## Work item
Only the lines from the one holding "2、接着选中笔记内容中的所有" through the end of the records below are to be reproduced exactly, and pictures are to be omitted.

*** Data for processing ***

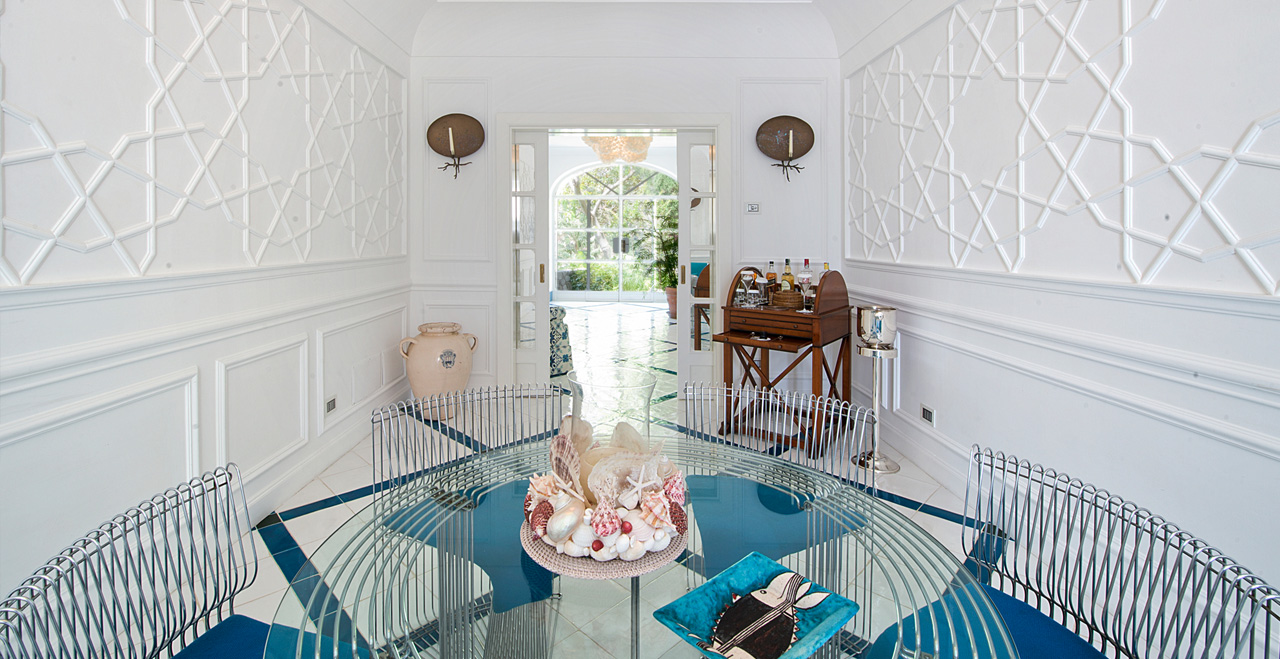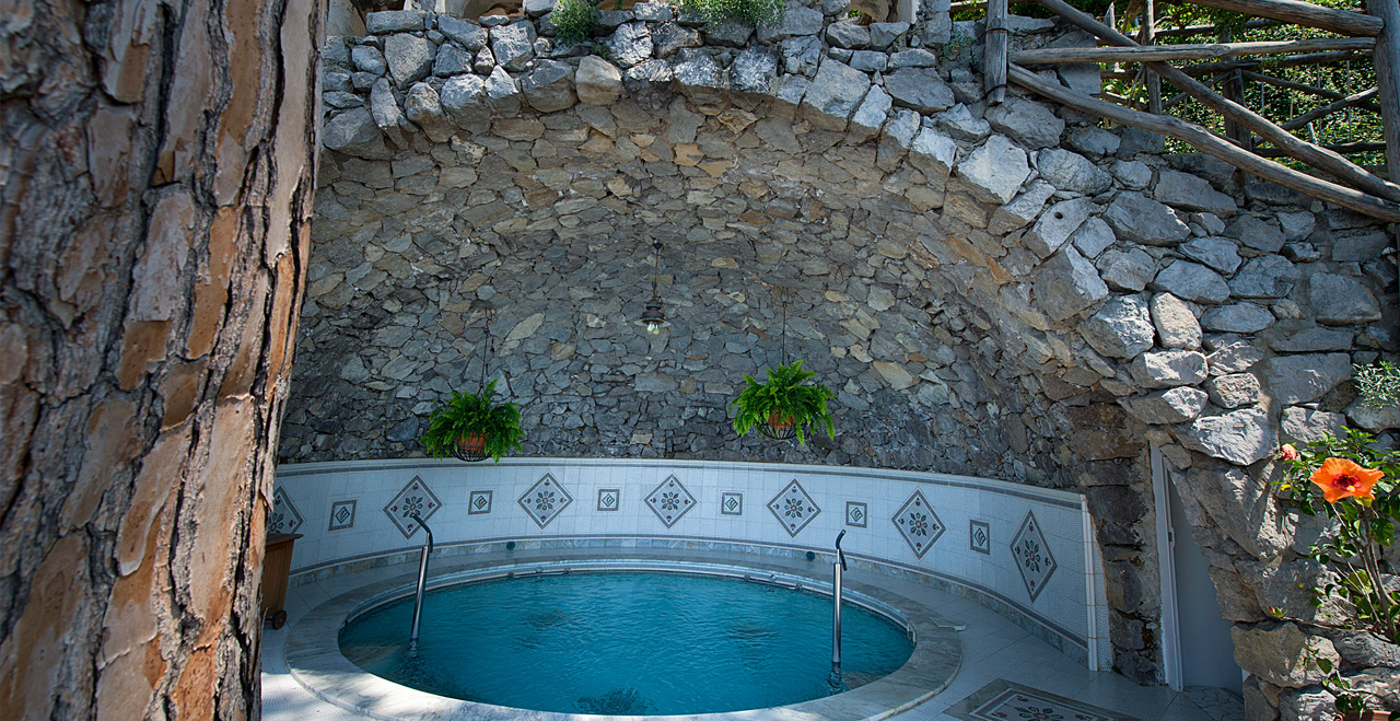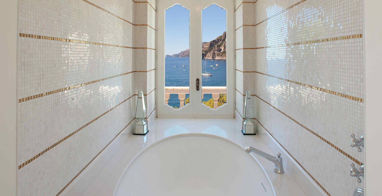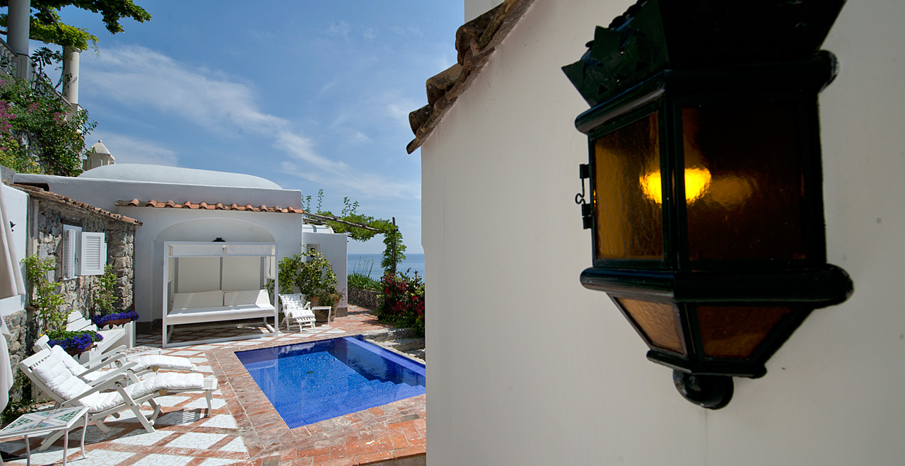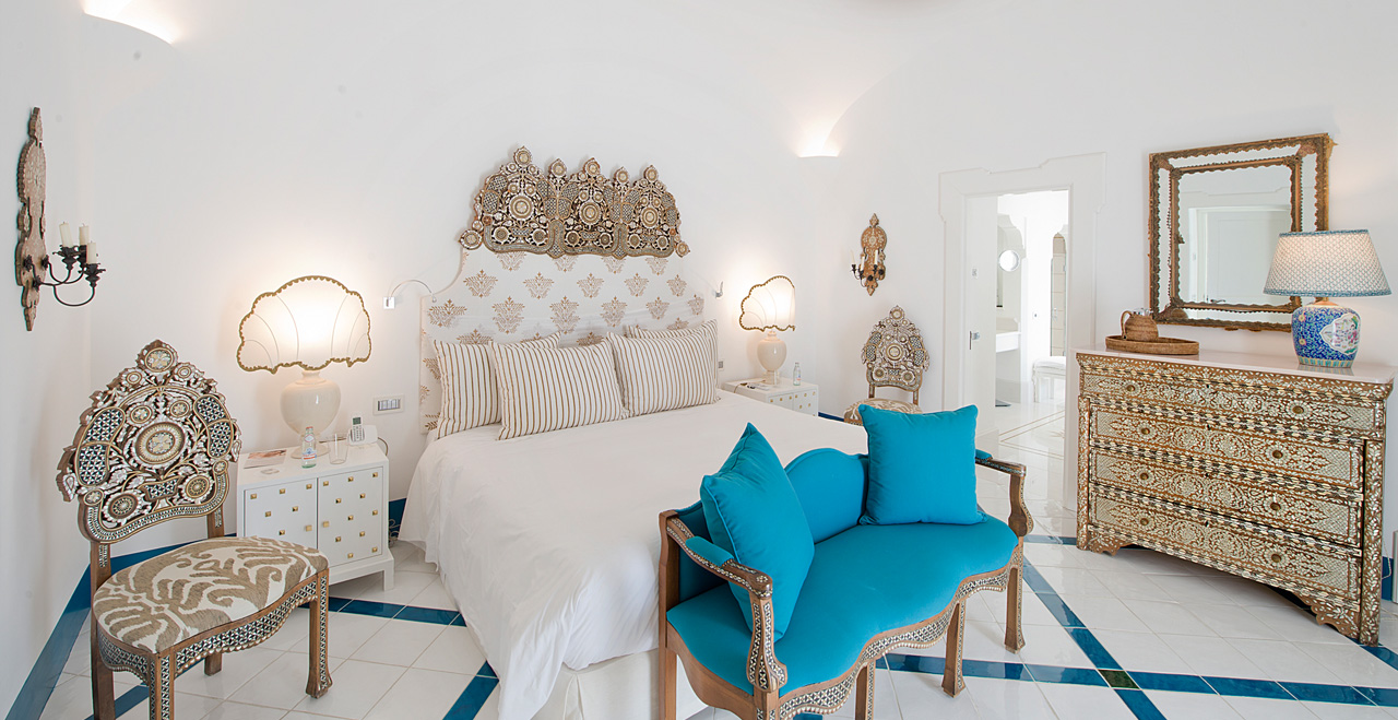 Il Maestro enjoys a privileged setting; hidden among the foliage of palm trees, oleanders and bougainvillea cascading over the terraces. A lavish and exotic combination of Vietri hand-painted tiles, glass from Murano, Carrara marble and Syrian mother-of-pearl mosaics adorn this splendid property. The villa is part of an exclusive, private gated domain, an oasis created over eight levels of terraced grounds, dotted with tall shady plants and scented flowers. Enjoy the intimacy of your own private sun terrace and plunge pool, or choose the more sociable communal areas shared only with other guests of this small estate, all with stunning sea views. The restaurant, the lounge bar and the outdoor fitness centre with round Jacuzzi pool complete this idyllic setting.
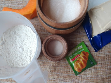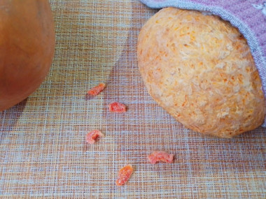 Отварила тыкву. Замесила тесто по рецепту. Оно хорошо поднялось. При этом имело структуру, которая липла к рукам, по этому работала с тестом смазав руки маслом подсолнечным.
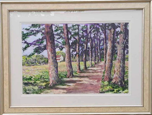 This magnificent avenue of trees leads to a wine producing domaine and is rather typical of domaine entrances. It has been framed and is for sale. The painting is acrylic and is framed in a understated gold frame which measures 62cm x 48cm. It has a double mount in off white and the painting size is 44cm x 30cm. The price is £450.00.
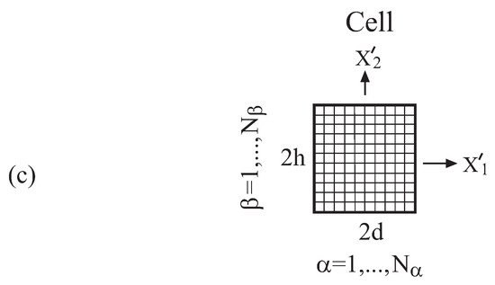 The set of Equations (38)–(55) defines a boundary value problem in the transform domain. These equations can be solved by the methods that have been presented in detail in Chapter 11 of [15] for functionally-graded materials. Thus, the representative cell domain , is divided into several rectangular sub-cells, , ; see Figure 1c. The transformed displacement vector and temperature are expanded into second-order polynomials, and the equilibrium and heat equations, interfacial and boundary conditions are imposed in the average (integral) sense. This results in a system of algebraic equations, the solution of which provides the transformed thermal and mechanical fields. The actual fields at any point within the cells of the considered rectangular region , can be determined by the application of the inverse transform, which for the displacement vector (for example) is given by:
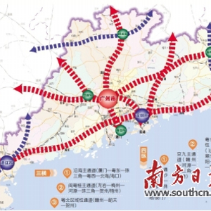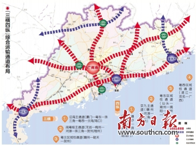 为构建功能完善的综合交通网络,广东将按照“三横四纵”的综合运输通道布局,统筹不同层面运输需求,进一步完善综合交通运输网络功能结构,提升网络整体利用效率。“三横”是指沿海主通道(厦门—粤东—珠三角—粤西—北海/海口)、闽粤桂主通道(龙岩—梅州—河源—珠三角—贺州/梧州)、粤北区域性通道(赣州—韶关—贺州)。“四纵”是指京广主通道(长沙—韶关—清远—珠三角—香港/澳门)、京九主通道(赣州—河源—珠三角—香港)、粤东区域性通道(汕头—潮州—揭阳—梅州—瑞金)、粤西区域性通道(湛江—茂名—广西)。
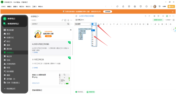 2、接着选中笔记内容中的所有文字,然后点击【10】右侧的下拉按钮,然后在弹出的选项中选择自己需要的大小,比如【14】。
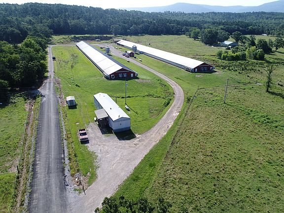 Ready to start farming? Wanting to expand? Come look into an affordable farm just 50 minutes south of Ft. Smith in a favorable setting at the end of a paved road. Two 43x510 barns with OK Foods produce $115,000 annually. A few updates with OK Foods and voila, you are in the chicken business. Upgrades like LED lighting, RollSeal doors, tunnel doors, Platinum Plus controllers with enhanced backup & communication, extra attic insulation, new vent doors and more, says ''call and set an appointment to look.''
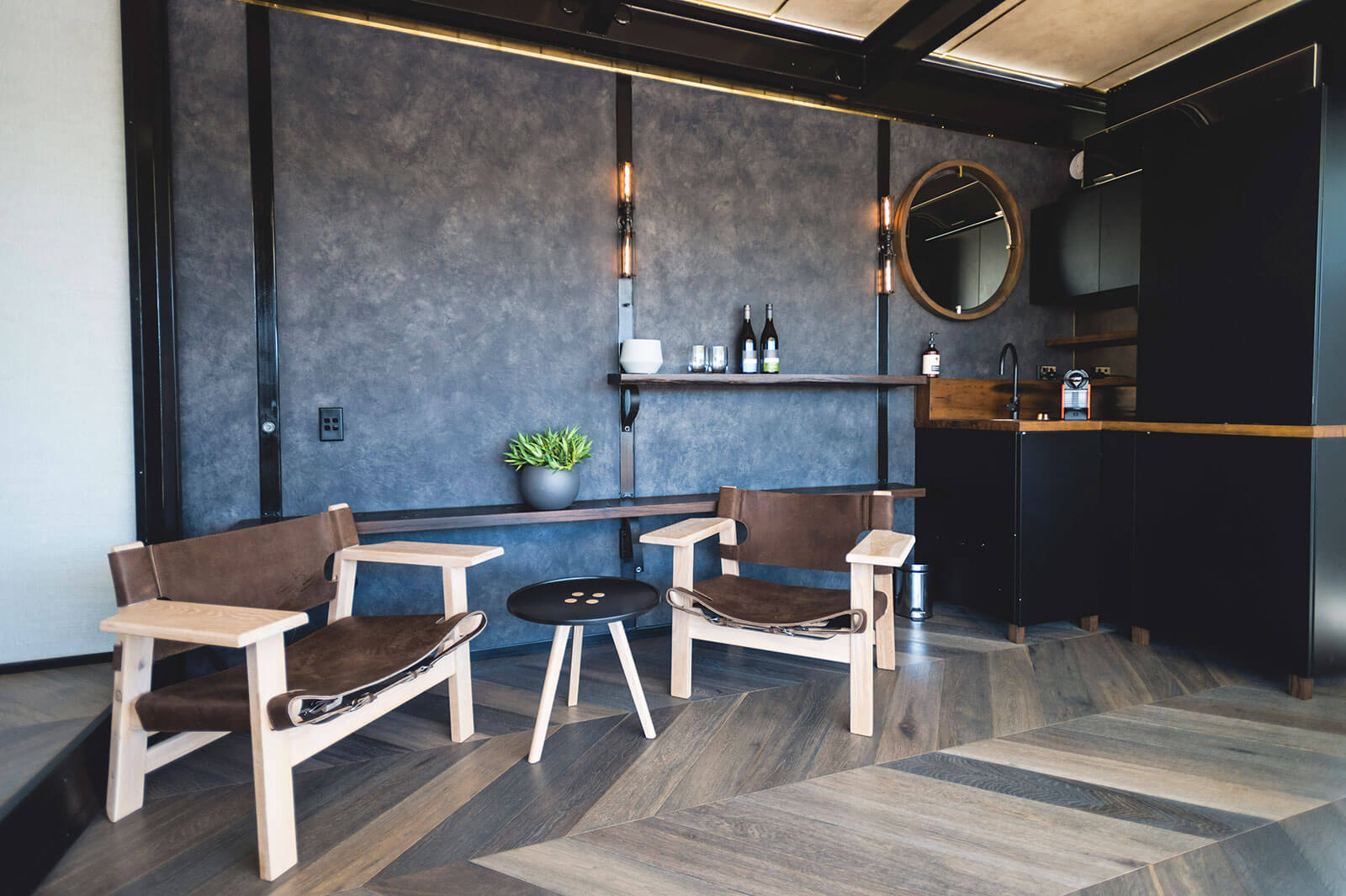 The company Contained, known for crafting bars, restaurants, offices and hotels out of shipping containers, created the opulently appointed and sustainably crafted housing units.
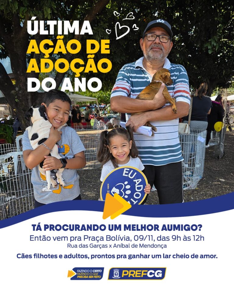 A Superintendência de Bem-Estar Animal (Subea) de Campo Grande realiza neste domingo (9), das 9h às 12h, na Praça Bolívia, a última feira de adoção de animais de 2025. Estarão disponíveis para adoção cães e gatos, adultos e filhotes, que foram resgatados de situações de abandono ou maus-tratos.

***

## Solution to the problem
 2、接着选中笔记内容中的所有文字,然后点击【10】右侧的下拉按钮,然后在弹出的选项中选择自己需要的大小,比如【14】。
 Ready to start farming? Wanting to expand? Come look into an affordable farm just 50 minutes south of Ft. Smith in a favorable setting at the end of a paved road. Two 43x510 barns with OK Foods produce $115,000 annually. A few updates with OK Foods and voila, you are in the chicken business. Upgrades like LED lighting, RollSeal doors, tunnel doors, Platinum Plus controllers with enhanced backup & communication, extra attic insulation, new vent doors and more, says ''call and set an appointment to look.''
 The company Contained, known for crafting bars, restaurants, offices and hotels out of shipping containers, created the opulently appointed and sustainably crafted housing units.
 A Superintendência de Bem-Estar Animal (Subea) de Campo Grande realiza neste domingo (9), das 9h às 12h, na Praça Bolívia, a última feira de adoção de animais de 2025. Estarão disponíveis para adoção cães e gatos, adultos e filhotes, que foram resgatados de situações de abandono ou maus-tratos.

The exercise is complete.